Bukan tidak mungkin dan sudah menjadi rahasia umum, bahwa legislatif dengan tiga kewenagan –lagislasi, budgeting dan pengawasan- akan bermain di wilayah ini. Artinya kebijakan kepala daerah yang mekanismenya harus melalui persetujuan legislatif akan diganjar dengan permainan politik yang sarat kepentingan di dalamnya. Dengan demikian kagamangan dalam mengeluarkan kebijakan yang populis akan dialamai oleh kepala daerah independen tersebut. Padahal secara substansi lemahnya kepercayaan masyarakat terhadap pemerintah yang berasal dari partai politik yang mendorong lahirnya tuntutan untuk munculnya calon independen disebabkan karena persoalan kabijakan yang tidak mampu mengakomodir kepentingan rakayat, terutama dalam pemenuhan hak ekonomi.

Selain itu budaya politik keluarga yang kuat di Indonesia sebagaimana ditulis oleh antropolog Jepang Saya Sasaki Shiraishi (1997) juga menjadi persoalan lain dalam hal ini. Di mana penetrasi kekelurgaan dalam politik akan mengejawantah dalam setiap kebijakan pemerintah daerah nantinya. Bangunan hubungan kekeluargaan akan menjadi pertimbangan politik lain dalam setiap kebijakan pemerintahan. Hegemoni azas kekeluargaan yang seharusnya memperkuat pemerintahan bahkan akan menjadi penghalang dalam kebijakan yang lebih populis. Jika kebijakan ini saya keluarkan bagaimana dengan si Anu yang teman dari teman adik perempuan istri saya yang juga merupakan keluarga dekat saya?


Perlu Berbenah

Kondisi politik yang tidak kondusif dengan kuatnya kultur kekeluargaan menjadikan aspirasi dan keinginan masyarakat tidak akan terakomodir sepenuhnya. Hal tersebut berimplikasi buruk terhadap trust yang telah dan akan dibangun di tengah masyarakat banyak. Maka akar masalah sebenarnya yang mendorong munculnya gugatan masyarakat terhadap UU No. 32/2004 adalah kepercayaan. Untuk itu perlu bagi calon independen untuk membangun kepercayaan di tengah-tengah masyarakat dengan mengakomodir semua kepentingan rakyat melalui hak-hak mereka yang diatur dalam undang-undang.

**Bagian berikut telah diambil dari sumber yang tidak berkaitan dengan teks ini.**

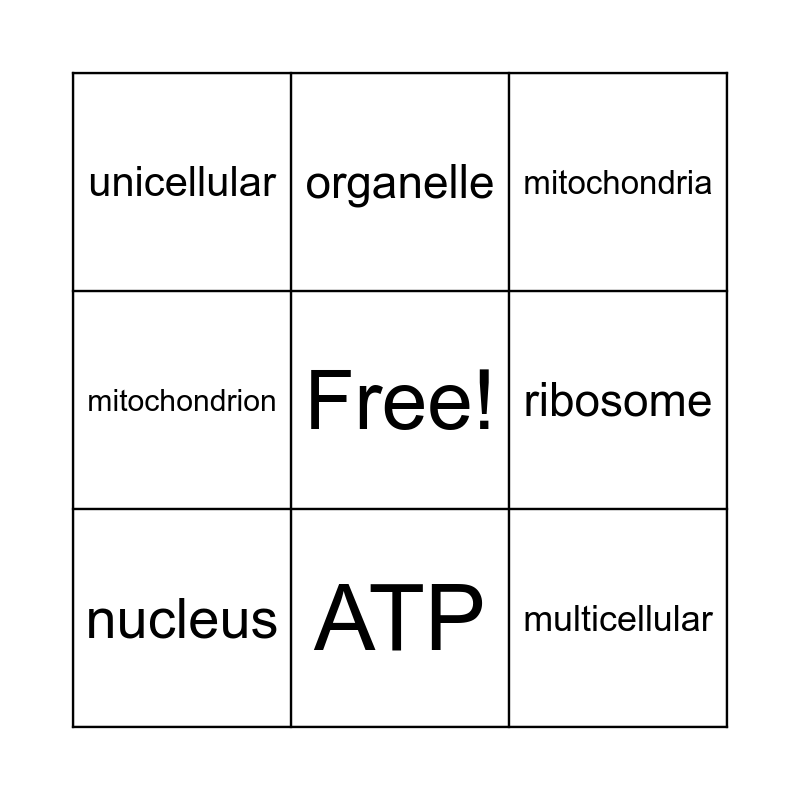 Suzuki Book 2 Bingo | Types of Cells | Specialized Cell Bingo | Organelles | Organelles

Dalam hal ini terutama hak dalam pemenuhan ekonomi.

Dengan terpenuhinya hak-hak ekonomi masyarakat, secara otomatis bangunan kepercayaan masyarakat atas kepemimpinan kepala daerah ke depan akan semakin kuat. Terlepas apakah calon tersebut berasal dari perseorangan atau dari paratai politik. Hal sebagaimana dikatakan oleh Karl Marx bahwa ekonomi merupakan instansi determinan yang paling berpengaruh terhadap masyarakat. Ideologi, kepercayaan, kebudayaan, hukum, bahasa dan agama, masing-masing hanya mengandung arti jika dikaitkan dengan ekonomi. Maka tidak ayal pemenuhan ekonomi masyarakat merupakan hal yang mutlak.

Meskipun tidak ada jaminan bahwa partai politik tidak mampu menyelesaikan persoalan masyarakat di satu sisi, calon independen mempunyai dedikasi tinggi dan akan mampu menyelesaikan persoalan di tengah masyarakat di sisi lain, setidaknya rakyat telah memberikan pencerdasan dan peringatan kepada partai politik selama ini yang sibuk dengan kepentingan kelompok dan kalangan tertentu. Maka perlu kiranya parpol introspeksi dan mengevaluasi diri malalui pemenuhan hak ekonomi oleh kepala daerah yang diusung oleh parpol tersebut. Jika tidak, maka ke depan partai politik akan hanya tinggal kerangka dan nama sebagai perpanjangan tangan masyarakat.

Sebaliknya calon independen turut akan menjadi semakin “kesepian” dan tidak akan mendapatkan dukungan dari rakyat sebagai basis kekauatan politik jika dalam pemerintahannya setelah terpilih tidak dalam konteks pemenuhan hak ekonomi rakyat. Artinya, untuk menjadi kepala daerah independen dan murni tanpa jalur partai politik ataupun kepala daerah dari partai politik selama mampu memenhui hak-hak ekonomi masyarakat, tidak akan pernah ditinggalkan oleh masyarakat sebagai konstituen politik. Wallahua’lam.